The Pakistan government is expected to ban all social media platforms between July 13 and 18.
Islamabad:
After successfully blocking X, formerly Twitter, for over four months, the Pakistani government is now set to ban all social media platforms – YouTube, WhatsApp, Facebook, Instagram and TikTok – for six days from the 13th to July 18, citing the need to control “hateful material” during the Islamic month of Ramadan.
Chief Minister Maryam Nawaz’s cabinet committee on law and order has recommended banning all social media platforms – YouTube, X, WhatsApp, Facebook, Instagram and TikTok, among others – during 6 to 11 Muharram (13 to 18 July) in Punjab, a province with over 120 million people, to “control hate material and misinformation to prevent sectarian violence”, according to a Punjab government notification issued here on Thursday evening.
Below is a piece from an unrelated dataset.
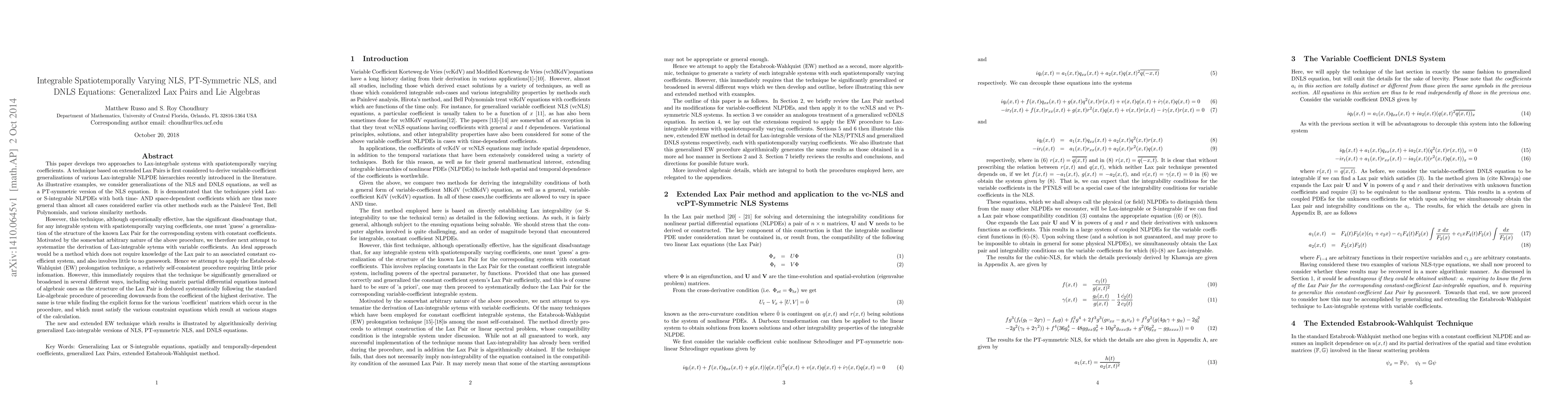 This paper explores two methods for deriving integrable nonlinear partial differential equations (NLPDEs) with spatiotemporally varying coefficients, focusing on generalized Lax pairs and Lie algebras. It introduces an extended Lax pair technique and the Estabrook-Wahlquist prolongation method to systematically generate integrable systems, exemplified by variable-coefficient versions of the NLS, PT-symmetric NLS, and DNLS equations.

Maryam Nawaz’s government in Punjab has asked her uncle Shehbaz Sharif’s government at the Center to notify the suspension of all social media platforms on the internet for six days (July 13-18).
The Chief of the Pakistan Army, Gen Asim Munir, has already declared social networks as “vicious media” and highlighted the need to combat what he called “digital terrorism”.
Pakistan’s Deputy Prime Minister Ishaq Dar, who also holds the foreign minister’s portfolio, recently called for a complete ban on social media.
The Shehbaz government closed the power.
Both the military and the government have received backlash on social media since the ouster of former Prime Minister Imran Khan through a motion of no confidence in April 2022.
The government has since arrested dozens of social media activists from Khan’s party.